- December 4, 2025
Palm Coast resident and tennis player Taralyn Bernard. Photo by Sierra Williams
USTA representatives Laura Bowen and George Henry talk about potential programs the USTA would offer at the Southern Recreation Center. Photo by Sierra Williams
Palm Coast Councilman Ty Miller. Photo by Sierra Williams
SIerra Williams
Staff writer
A hesitant Palm Coast City Council pumped the breaks on a proposed maintenance contract with the United States Tennis Association.
The management contract proposed the USTA take over most of the operations at the Southern Recreation Center, with the contract beginning in January 2026 and lasting five years to December 2031. The USTA states this would save Palm Coast $400,000 in personnel expenses, plus additional operating expenses.
But the City Council as a whole seemed hesitant to jump on board with the contract without more information and a financial breakdown of costs and potential revenue gains and losses.
“I see the potential on both sides, but I also see the risk,” Vice Mayor Theresa Carli Pontieri said at the Sept. 9 workshop meeting. The council will vote on the contract at its Sept. 16 business meeting.
The proposed contract stipulates Palm Coast would keep the revenue from community activities, event space rentals and food service contracts. The USTA would keep the revenue from tennis and pickleball operations while also absorbing the cost of those equipment and supply needs.
USTA representative Laura Bowen said USTA Florida hosts the majority of tennis events in the state. The plan would have a variety of pro-led pickleball and tennis programs, though the number of proposed tennis programs was double what was proposed for pickleball. The pass-holder fees would stay the same.
Councilman Dave Sullivan — who was on the Flagler County Commission when the city was building the Southern Recreation Center, in part with county Tourism Development Funds — said the city should wait until the facility has been open longer.
“I think we’re still a little bit too early to do any major changing in the management now,” Sullivan said.
The Southern Recreation Center opened in 2024. Year-to-date, it has made $418,800 in revenue from a mixture of sources, including pickleball admission — the majority of the revenue, at $163,000 — and tennis admissions, at almost $55,000.
Expenses, though, are at $625,000 year-to-date, a $200,000 gap. But this is just the first year of operations. Parks and Recreation Director said it is overperforming; unlike the city’s golf course, which has been in the negative consistently for years, the center could still make cost-recovery under the city’s management.
“I really think that this is just getting off the ground and there’s a lot of revenue to be had,” Pontieri said.
A large organization like the USTA would be able to run programs at the facility more efficiently, at least according to resident and tennis player Taralyn Bernard.

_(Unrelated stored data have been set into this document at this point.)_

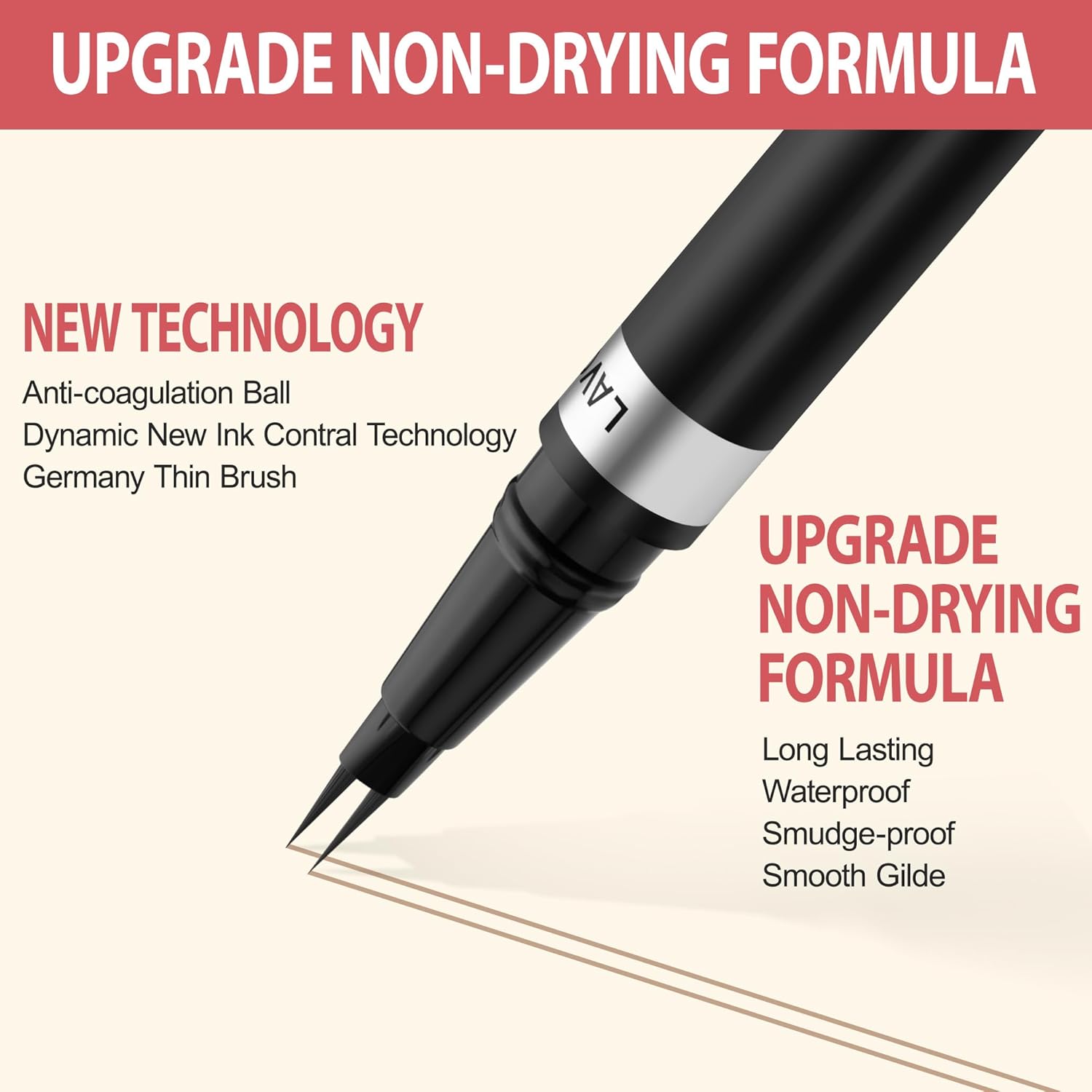 - Waterproof Liquid Eyeliner: LAVONE waterproof liquid eye liner ultra precise tip is flexible and easy to use. Every stroke is unbelievably fluid for a defined finish, the eyeliner pen is glides on smooth. The eyeliner pencil formula is long-lasting, smudge-proof and waterproof, keep in your brows up to 24hours.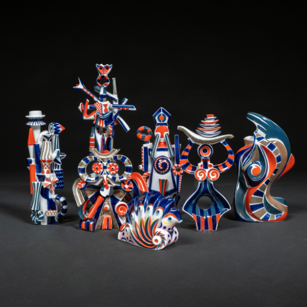 Conjunto de siete piezas en cerámica de Sagardelos.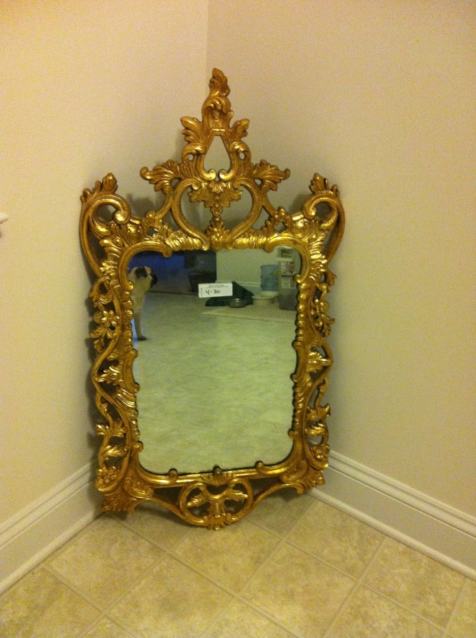 But, on to our trip to New Jersey. We had to go to pick up the dresser for our Baby Girl’s nursery that I blogged about a week and a half ago. After making several wrong turns, and getting turned around in the little town the shop is located in…we found the store and got to see the dresser for the first time. I LOVE IT! It was even better in person! The store was really neat too. While walking around the little town, we found THE mirror. And I say THE mirror because it flat out called my name. Haha! You all know I’m going for a peacock color scheme for the nursery and I’ve been looking for something gold to tie into the room. And Bam! Here it is:
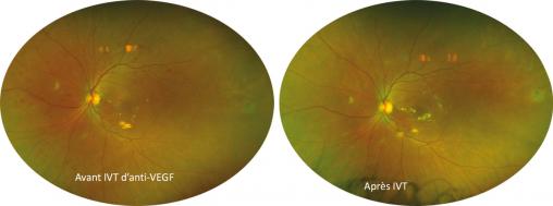 © Sophie Bonnin Rétinopathie diabétique avec de multiples hémorragies ayant régressé après injections intravitréennes d'anti-VEGF.IVT : injection intravitréenne ; VEGF : vascular endothelial growth factor. Images : Dr Sophie Bonnin.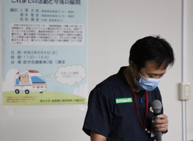 阪大病院では、院内の医師、看護師、医療スタッフをはじめ、院外の弁護士やその道のスペシャリストを講師として、様々なテーマについての講演会を開催しています。記念すべき第222回の阪大病院フォーラムでは、導入され1年が経ったドクターカーのこれまでの活動と今後の展開について、救命センターの医師と救急救命士の3人で講演をさせていただきました。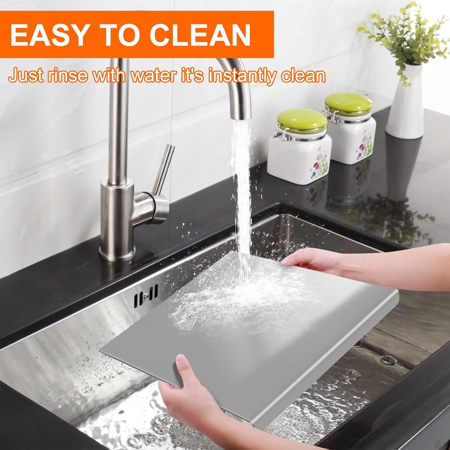 - ăCLEANUP IS SO EASYăOur stainless steel cutting board is non-porous and effortless to clean, making it super easy to maintain and resistant to lingering odors. No more worrying about yesterday's garlic invading today's salad!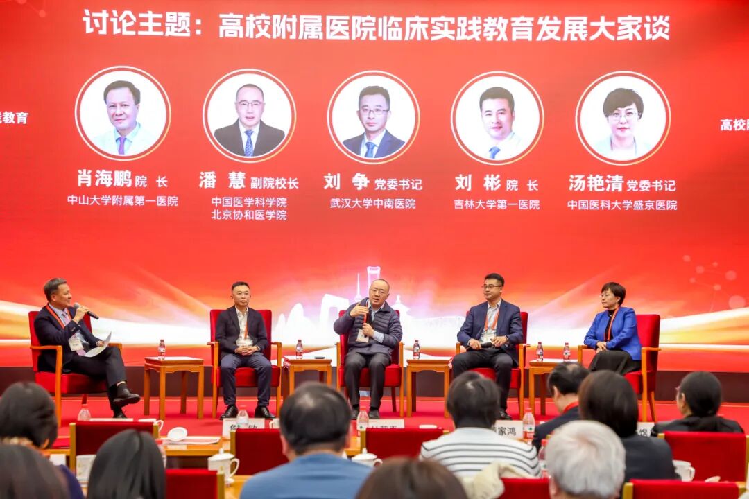 主论坛特设圆桌讨论环节,圆桌讨论由中山大学附属第一医院院长肖海鹏主持。中国医学科学院北京协和医学院副院校长潘慧、武汉大学中南医院党委书记刘争、吉林大学第一医院院长刘彬、中国医科大学盛京医院党委书记汤艳清共同参与。圆桌讨论以“高校附属医院临床实践教育发展”为主题,五位专家围绕“在高校附属医院建设中,一把手应当做什么,怎么做?”“高校与附属医院之间,应当如何进行协同”“AI时代来临,我们应该做什么”等核心问题展开深入交流。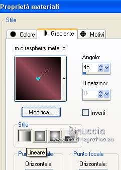 1. Passa il colore di primo piano a Gradiente, e seleziona il gradiente mcraspberry metallic, con i seguenti settaggi.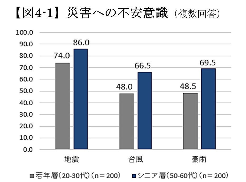 最近不安に感じている災害トップ3として、シニア層(50-60代)・若年層(20-30代)ともに「地震」「豪雨」「台風」がランクインし、いずれにおいてもシニア層の方が災害への不安意識が高い結果となりました。また、「台風」はシニア層が66.5%であるのに対し若年層は48.0%、「豪雨」はシニア層が69.5%であるのに対し若年層は48.5%とおよそ20ポイントの大きな開きがあることが分かりました【図4-1】。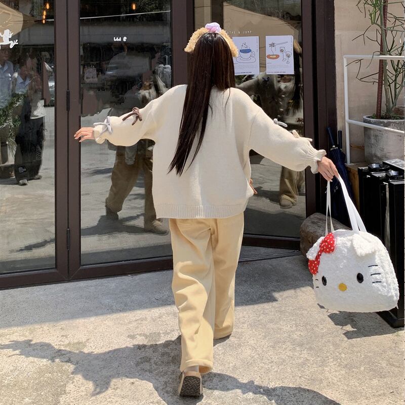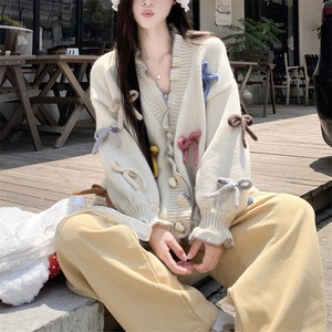 【tops】カラフルリボン付きニットカーディガン Q6268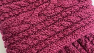 こちらは10年前に編んだ縄編みのマフラーです。当時狂ったように縄編みを編み続け、糸始末が面倒になり、輪っかに縫い合わせました。首に巻くと、外気を全く寄せつけずホッカホカです。ワインレッドが落ち着いていて、冬コートに良いアクセントになりお気に...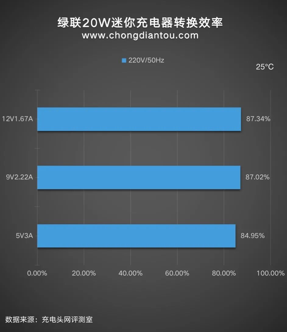 我们平时看充电器上面的参数输出100W或者65W是充电器可以为设备提供的最大输出功率,但充电器从插座上汲取的功率往往要更大一些,下面是绿联20W迷你小金刚充电器在220V 50Hz和110V 60Hz交流输入的情况下分别进行了转换效率测试,测试结果如下: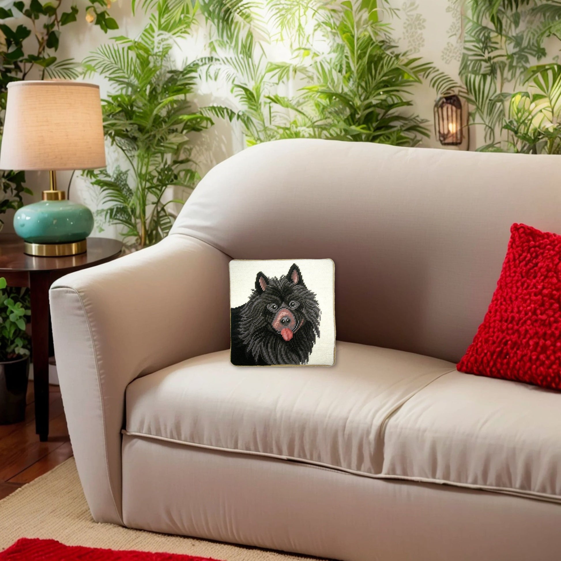 Using natural vegetable-dyed, finest 100% Australia and New Zealand wool threads on this pillow, 100% cotton velvet backing, each item is a unique artistic achievement. This pillow is hand-made by the cottage industry.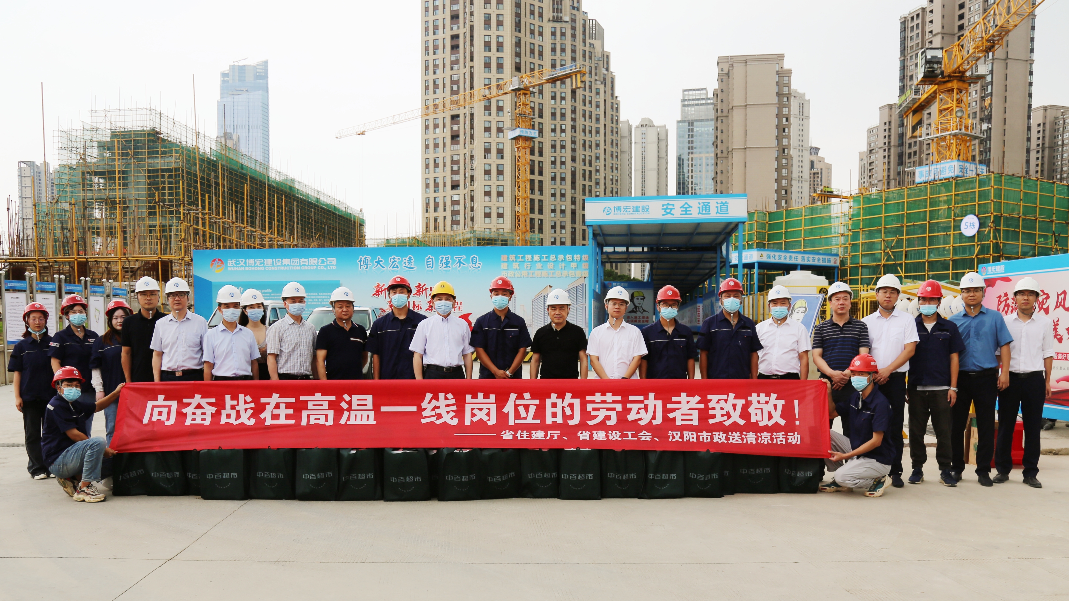 烈日炎炎,酷暑當頭。近日,武漢地區高溫預警不斷拉響。為確保武漢城市建設有序進行,全體博宏人堅守崗位、揮灑汗水、不辭辛勞,奮戰在項目一線。7月28日上午10點整,湖北省住建廳黨組成員、副廳長金濤,住房保障處處長阮斌,房地產市場建管處處長康忠榮,建設工會主任賴濤等領導一行走訪慰問博宏建設集團新建居住、商業項目(月湖船院),漢陽市政黨委書記、董事長嚴悌文,副董事長虞志鵬,武漢城建集團黨委委員、副總經理邢榮斌等陪同調研,共計10余人參加了活動。

Bernard said she has had times where the center’s professional players have not shown up to programs or classes.
“I feel like it’s just not being run effectively,” Bernard said. “And paying this much money annually, I want something in return.”
A positive argument for the contract would be the potential tourism from a USTA-run facility in Palm Coast. Palm Coast already hosts an annual USTA tournament at the Southern Recreation Center every year and as a USTA-managed facility, it would have the resources to draw more tournaments to Palm Coast.
The USTA could also host additional junior and adult tournaments, as well as social events, at the Recreation Center, Bowen said.
“The economic impact for these types of events could be significant to the city, double or triple over time,” Bowen said.
Sullivan pointed out that the TDC grant awarded to Palm Coast was given with the idea that the Southern Recreation Center would draw additional tourism to the area.
Councilman Ty Miller pointed out that turning over maintenance of the facility to the USTA may remove some of the expenses from the city’s checkbook, but it takes away the revenue, too.
“If we lose all of our revenues, and we save a couple hundred grand in expenditures, net, we’re losing money here if we do this,” he said.
And, Pontieri pointed out, the city would still be on the hook for some of the maintenance expenses, like facility maintenance, utility costs and providing the material and labor for court maintenance.
Pontieri also pointed out that pickleball prospects remained relatively unknown in the contract.
Several members of the public had that concern. Resident and pickleball player Van Gibson said many pickleball players volunteer to help run some programs at the Southern Recreation Center.
He said their pickleball organization has grown to 400 members in Palm Coast, in large part because of the Recreation Center.
“I don’t want to go back to Holland Park and put my nets up to play pickleball because something has happened to change the chemistry that we have developed together,” he said.
Mayor Mike Norris and Councilman Charles Gambaro agreed that the center needed more time and that the council needed more information.
“I would say we could wait, go through a few more quarters and see how the Recreation Center is performing and revisit the topic,” Norris said.
Gambaro said it is the council’s mandate to be cost recovery on its Parks and Recreation amenities, similar to what the council is trying to do with the city’s golf course. The council should be consistent in its cost-recovery policy, he said.
“I think we need to understand the numbers before we can make a decision on anything,” Gambaro said. “But my concern is from a policy perspective, which is this board’s mandate, to make sure that we’re asking our staff to go take a look at this from a consistent perspective.”